A single neuron presented as a mathematic function

And the function of neurons can be presented as:

$f(x_{1},x_{2})=max(0,w_{1}x_{1}+w_{2}x_{2})$

Where $x_{1},x_{2}$ are two inputs numbers, and function $f(x_{1},x_{2})$ will takes these fixed inputs and create an output of single number. If $w_{1}x_{1}+w_{2}x_{2}$ is greater than 0, the function will return this positive value, or return 0 otherwise. Therefore, the neural network can be replaced as a coupled mathematical function, and its output of a previous function can be used as the next function input.

RProp

RProp, or we call Resilient Back Propagation, is the widely used algorithm for supervised learning with multi-layered feed-forward networks in the past. Besides, its concepts is the foundation of RMSPRop development t. The derivatives equation of error function can be represented as:

${\frac {\partial E}{\partial w_{ij}}}={\frac {\partial E}{\partial s_{i}}}{\frac {\partial s_{i}}{\partial net_{i}}}{\frac {\partial net_{i}}{\partial w_{ij}}}$

Where $w_{ij}$ is the weight from neuron $j$ to neuron $i$ , $s_{i}$ is the output , and $net_{i}$ is the weighted sum of the inputs of neurons $i$ . Once the weight of each partial derivatives is known, the error function can be presented by performing a simple gradient descent:

$w_{ij}(t+1)=w_{ij}(t)-\epsilon {\frac {\partial E}{\partial w_{ij}}}(t)$

(reference required)

Obviously, the choice of the learning rate $\epsilon$ , which scales the derivative, has an important effect on the time needed until convergence is reached. If it is set too small, too many steps are needed to reach an acceptable solution; on the contrary a large learning rate will possibly lead to oscillation, preventing the error to fall below a certain value.

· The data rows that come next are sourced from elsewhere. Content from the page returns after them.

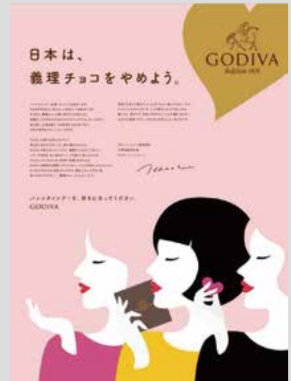
Godiva: 2018 Valentine's Day Campaign
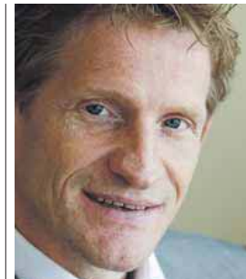
Theo Rinsema Directeur Microsoft Nederland

IT-specialisten op de achtergrond Door de ontwikkeling van cloud computing komen geavanceerde software-oplossingen binnen het bereik van kleine bedrijven. Systemen nemen qua complexiteit steeds meer toe, maar door ze terug te 'duwen' in de cloud kan deze complexiteit be-
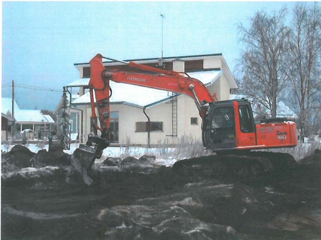
Valvontatyömaa kaakosta, 29.11.2006
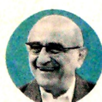
Néstor Humberto Martínez, Fiscal.
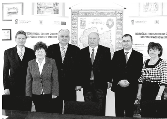
Przedstawiciele gmin, które otrzymały promesę na dofinansowanie budowy kanalizacji.

Przed nami do wykonania trzeci etap kanalizacji gminy Przeciszów. To ważne zadanie inwestycyjne obejmie ulice: Długą,
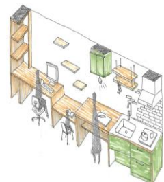
キッチン一体型ワークスペースイメージ
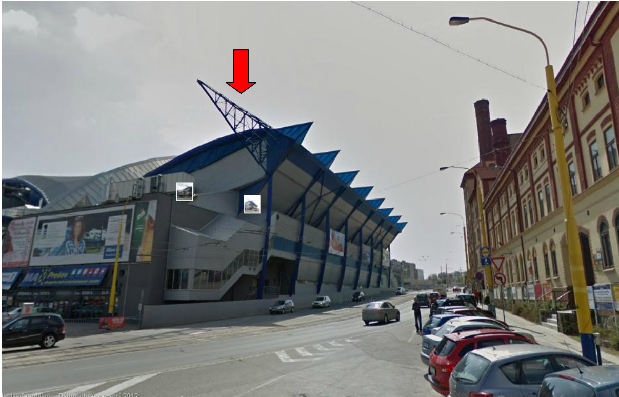
Obr. 3 Navrhované umiestnenie kamery č. 2 - budova Steel arény
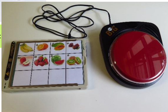
拍擊連於另一個有掃視功能的VOCA
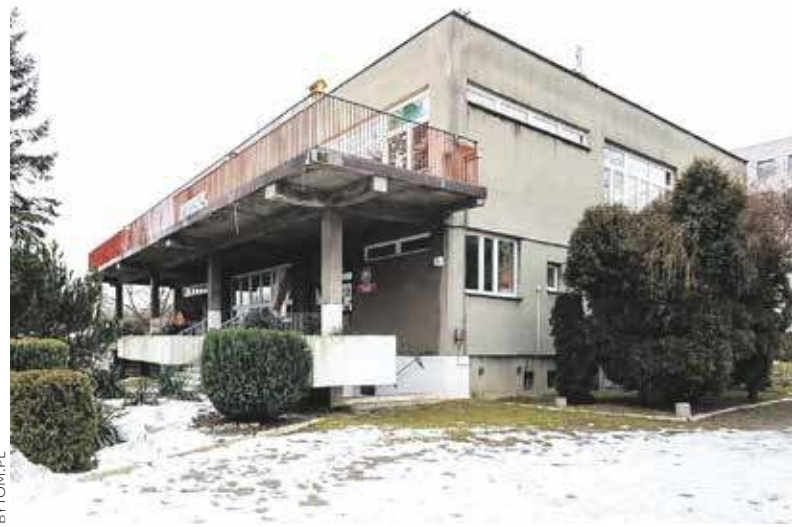
Miechowskie przedszkole zostanie zmodernizowane

MIECHOWICE. BUDYNEK PRZEDSZKOLA MIEJSKIEGO NR 44 PRZY ULICY REPTOWSKIEJ ZOSTANIE KOMPLEKSOWO OCIEPLONY. INWESTYCJA ZOSTAŁA DOFINANSOWANA ZE ŚRODKÓW UNIJNYCH.
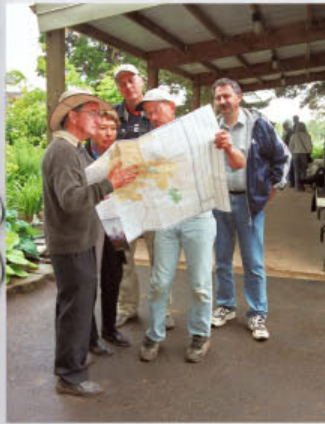
Nad mapou Salem a okolí
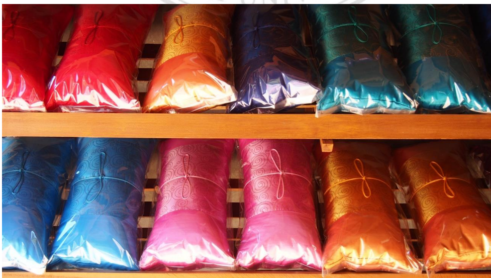
ภาพที่ 4.8 แสดงลักษณะรูปแบบหมอนใบชา

ปัจจุบันบ้านแม่กำปอง มีกลุ่มอาชีพที่เกิดขึ้น ซึ่งเป็นผลจากการพัฒนาการท่องเที่ยวชุมชน ซึ่งกลุ่มอาชีพเหล่านี้ได้เข้ามามีส่วนร่วมในการสนับสนุนการท่องเที่ยวของ ชุมชน และช่วยกระจายผลประโยชน์ของการท่องเที่ยวชุมชนสู่ชาวบ้านทั้งชุมชน กลุ่มที่สำคัญ ได้แก่ กลุ่มสมุนไพร กลุ่มหมอนใบชา และกลุ่มนวดแผนไทย
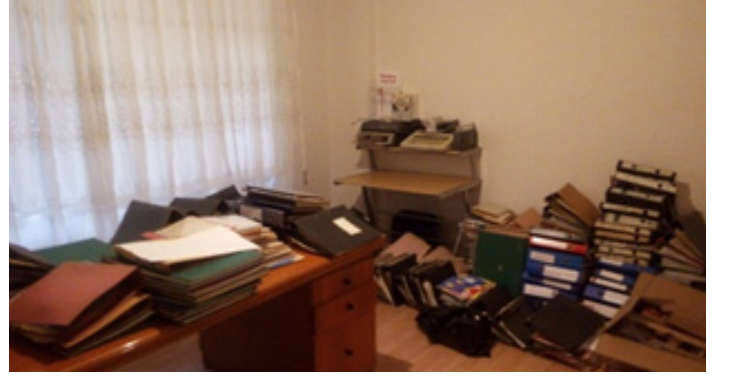
Fig 2. Yazılı evrakların sınıflandırma işlemi.

Proje başlangıcında, anı evinin oluşturulacağı yer olarak planlanan derneğin bulunduğu dairenin fiziksel yapısının iyi olmaması ve mevcut materyallerin belirli bir düzende bulunmaması, yazılı materyallerin ağırlıkta olduğu koleksiyonun hızlıca ayrıştırılıp, sınıflandırılmasını gerektirmiştir.
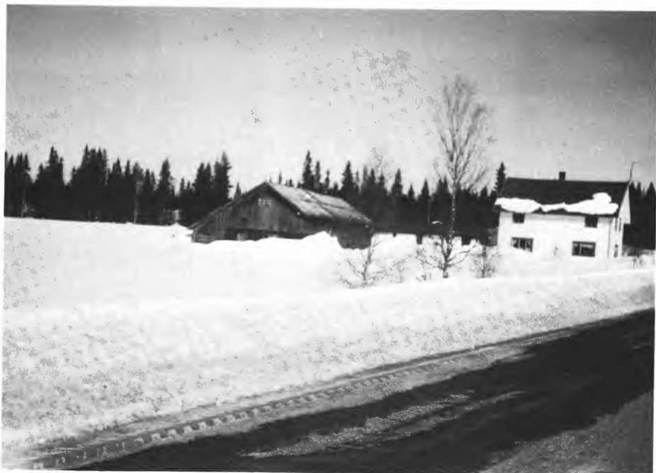
Første bureisingsbruket i Trysil, opprettet 1916 og bygd 1920–23. Areal: 60 dekar, hvorav 40 dekar er fulldyrket. Bildet viser husa som ble bygd første gangen av Magnus og Borghild Lillemo.
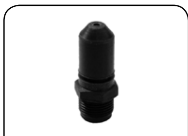
PARAFUSO DO ESGUICHO PARA LAVADORA DP PE1
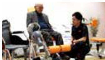
豊富なトレーニングマシン
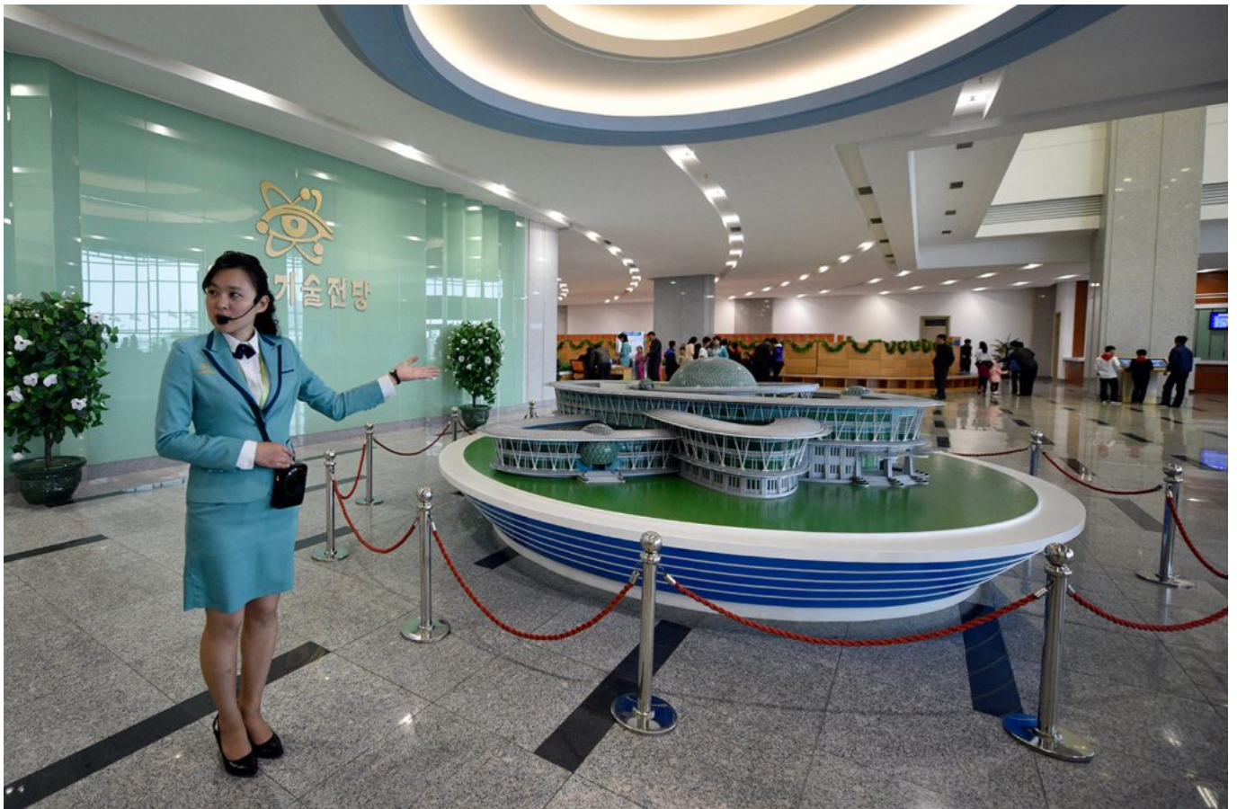
Sci-Tech Complex

Percaya atau Tidak? Arsitektur Menakjubkan ini Berada di Korea Utara

In addition, RProp can combine the method with momentum method, to prevent above problem and to accelerate the convergence rate, the equation can rewrite as:

$\Delta w_{ij}(t)=\epsilon {\frac {\partial E}{\partial w_{ij}}}(t)+\Delta w_{ij}(t-1)$

However, It turns out that the optimal value of the momentum parameter $\mu$ is equally problem dependent as the learning rate $\epsilon$ , and that no general improvement can be accomplished. Besides, RProp algorithm is not function well when we have very large datasets and need to perform mini-batch weights updates.

RMSProp

RProp algorithm doesn’t work for mini-batches is that it violates the central idea behind stochastic gradient descent, which is when we have small enough learning rate, it averages the gradients over successive mini-batches. To solve this issue, consider the weight, that gets the gradient 0.1 on nine mini-batches, and the gradient of -0.9 on tenths mini-batch, RMSProp did force those gradients to roughly cancel each other out, so that the stay approximately the same.

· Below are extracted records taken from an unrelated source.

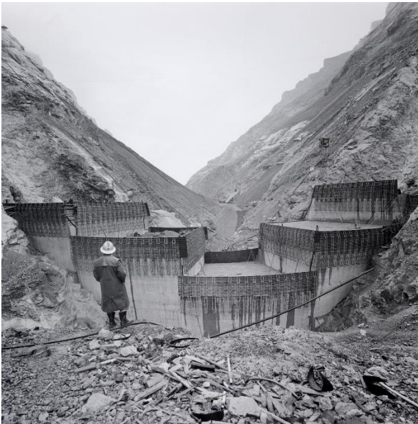
Duront la construcziun dil mir da fermada, october 1960.
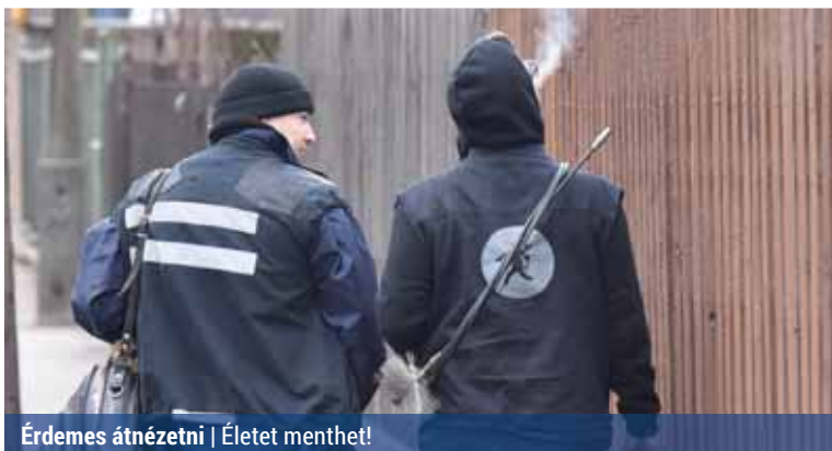
Érdeemes átnézni | Életet menthet!

A korábbi évekhez hasonlóan a Főkéktűsz továbbra is minden ingatlan-tulajdonosnak felajánl egy vagy két időpontban négyórás intervallumot, amikor kimennek ingyenes kéményellenőrzésre.
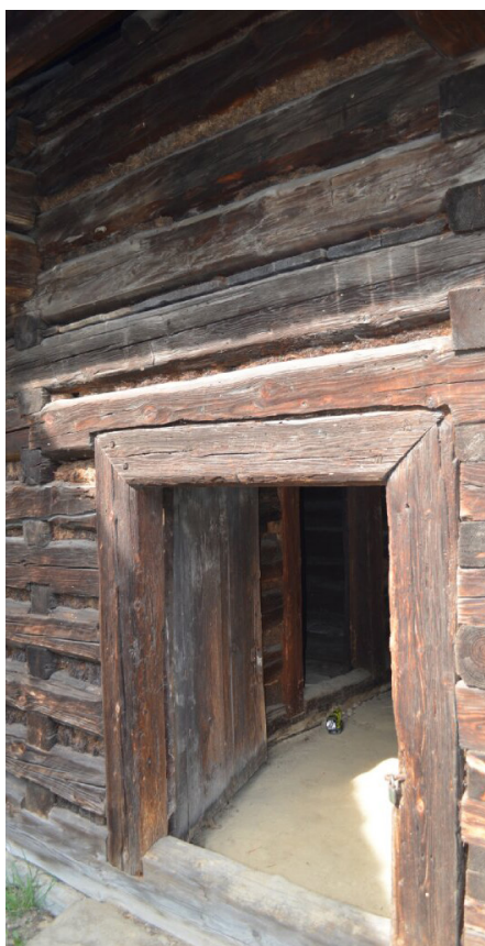
Boční vchod do zrubového obytného domu ze Štiavniky č. 348, Slovenské národné múzeum v Martine – Múzeum slovenskej dediny.

S transformací hladkého ve stále výrazněji rýhované mění se též zásadně vztah nejenom ke krajině, ale k přírodě vůbec. Bývalo všeobecným zvykem nechávat za pěkného počasí dveře do domu otevřené. V době hliněných podlah drůbež volně nocovala v síni na žebříku vedoucím na půdu a volně se pohybovala i v jizbě. Roubené domy v karpatské oblasti měly vedle vstupních dveří při zemi otvory pro přívod čerstvého vzduchu a také se jimi mohla protáhnout kuřata, housata, kočky a někdy i slepice. Život se zvířaty, všudypřítomné sepětí s přírodou bylo v roubenkách životní realitou. S exploatací krajiny, s rozvojem městského živlu, výstavbou průmyslových zařízení a se silícím vlivem centra a byrokracie se vztah k přírodě stává stále více zprostředkovaný a odcizený (Macúrek 1959).
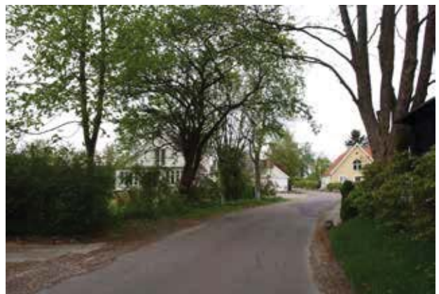
Kig fra syd mod Gunderødgård.
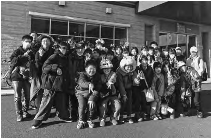
▼笑顔たくさん記念撮影

も大騒ぎとなりましたが、子供たちにとっては、思い出に残る「体験旅行」になったと思います。

By using the sign of gradient from RProp algorithm, and the mini-batches efficiency, and averaging over mini-batches which allows to combine gradients in the right way. PMSProp is keep the moving average of the squared gradients for each weight. And then we divide the gradient by square root the mean square.

The updated equation can be performed as:

$E[g^{2}](t)=\beta E[g^{2}](t-1)+(1-\beta )({\frac {\partial c}{\partial w}})^{2}$

$w_{ij}(t)=w_{ij}(t-1)-{\frac {\eta }{\sqrt {E[g^{2}]}}}{\frac {\partial c}{\partial w_{ij}}}$

where $E[g]$ is the moving average of squared gradients, $\delta c/\delta w$ is gradient of the cost function with respect to the weight, $\eta$ is the learning rate and $\beta$ is moving average parameter (default value — 0.9).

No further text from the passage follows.